Reading in data from a file#

The simplest, probably most common, and easiest way to create a Data Frame is to use a pd.read_* function to import data from a file.

.csv files are common way of storing data, and (as we have seen) can be imported using the creatively named pd.read_csv() function:

# Read in data the boring way
df_from_file = pd.read_csv('data/airline_passengers.csv')
df_from_file

	Month	Thousands of Passengers
0	1949-01	112
1	1949-02	118
2	1949-03	132
3	1949-04	129
4	1949-05	121
...	...	...
139	1960-08	606
140	1960-09	508
141	1960-10	461
142	1960-11	390
143	1960-12	432

144 rows × 2 columns

Pandas, as a major Python data science library, has a large array of read_* functions, for importing data stored in different formats.

# Names in Pandas module starting with "read_"
[k for k in dir(pd) if k.startswith('read_')]

['read_clipboard',
 'read_csv',
 'read_excel',
 'read_feather',
 'read_fwf',
 'read_hdf',
 'read_html',
 'read_iceberg',
 'read_json',
 'read_orc',
 'read_parquet',
 'read_pickle',
 'read_sas',
 'read_spss',
 'read_sql',
 'read_sql_query',
 'read_sql_table',
 'read_stata',
 'read_table',
 'read_xml']

In other situations, and to deepen our understanding of Data Frame construction, let’s look at more elaborate, artisanal ways of creating Data Frames…

Creating a blank Data Frame#

Another very simple way to create a Data Frame is by using the pd.DataFrame() constructor with no arguments:

# Calling the constructor with no arguments
blank_df = pd.DataFrame()
blank_df

Perhaps unsurprisingly, this returns a strange, blank output.

Again, unsurprisingly, many of the attributes of the Data Frame are also blank.

For instance, the index:

# Show the blank index
blank_df.index

RangeIndex(start=0, stop=0, step=1)

Ditto for the columns attribute:

# Show the blank columns.
blank_df.columns

RangeIndex(start=0, stop=0, step=1)

We can add new columns (e.g. new Pandas Series) into this blank Data Frame by using direct indexing on the left hand side (LHS). E.g.

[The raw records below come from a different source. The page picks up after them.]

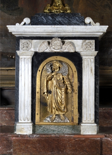 Ensemble du maître-autel : autel, tabernacle, 2 gradins d'autel, 3 degrés d'autel,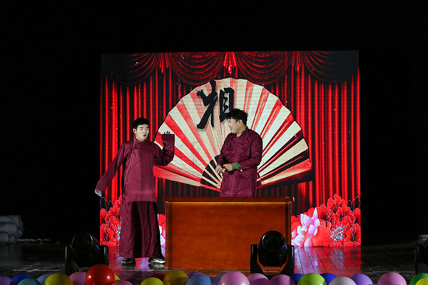 没有华丽的辞藻,却有着振奋人心的深请呐喊;没有动感的音乐旋律,却有对梦想的执着追求,由朱海军同学带来的脱口秀《我的大学 勇于追梦》将晚会氛围推向高潮,现场欢呼声不断。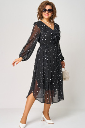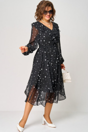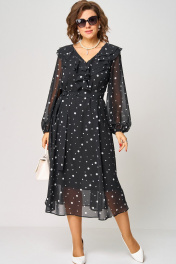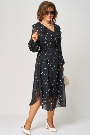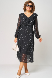 Платье женское нарядно-повседневное полуприлегающего силэта до талии расширенное к низу. Платье отрезное по талии на трикотажной подкладке, выполнено из креп-шифона. Вырез горловины V-образный обработан обтачкой, по горловине полочки и спинки двойные воланы. Рукав втачной по низу на резинке. По юбке небольшие складки. В боковых швах обработаны разрезы, низ фигурный. Декором платья служит съемный пояс из основной ткани и рюши по горловине платья.

# Create a new column in the Data Frame.
blank_df['new_column'] = np.array([1, 2, 3])
blank_df

	new_column
0	1
1	2
2	3

We used a Numpy array to construct this new column, however, as we know, Data Frames are a dictionary-like collection of Series, so Pandas can represent the data as a Pandas Series:

# Show the type of df['new_column'].
new_col = blank_df['new_column']
type(new_col)

pandas.Series

The string which we used as the column name (e.g. new_column) has become the name attribute of this new Series:

# Show the `name` of the column.
new_col.name

'new_column'

…and the numpy array we supplied has become the .values of the Series:

# Show the `values` in the column.
new_col.values

array([1, 2, 3])

Pandas has also automatically created a default RangeIndex for the Data Frame, because we did not specify what it should use as an index:

blank_df.index

RangeIndex(start=0, stop=3, step=1)

As you saw in The Pandas from Numpy page, Series extracted from Data Frames inherit the .index of the Data Frame:

new_col.index

RangeIndex(start=0, stop=3, step=1)

If we construct Data Frames using this method (“create a blank Data Frame, add the data later”), then any new columns we add must have equal numbers of elements. This must be so, in order that the new column can share an index with the old.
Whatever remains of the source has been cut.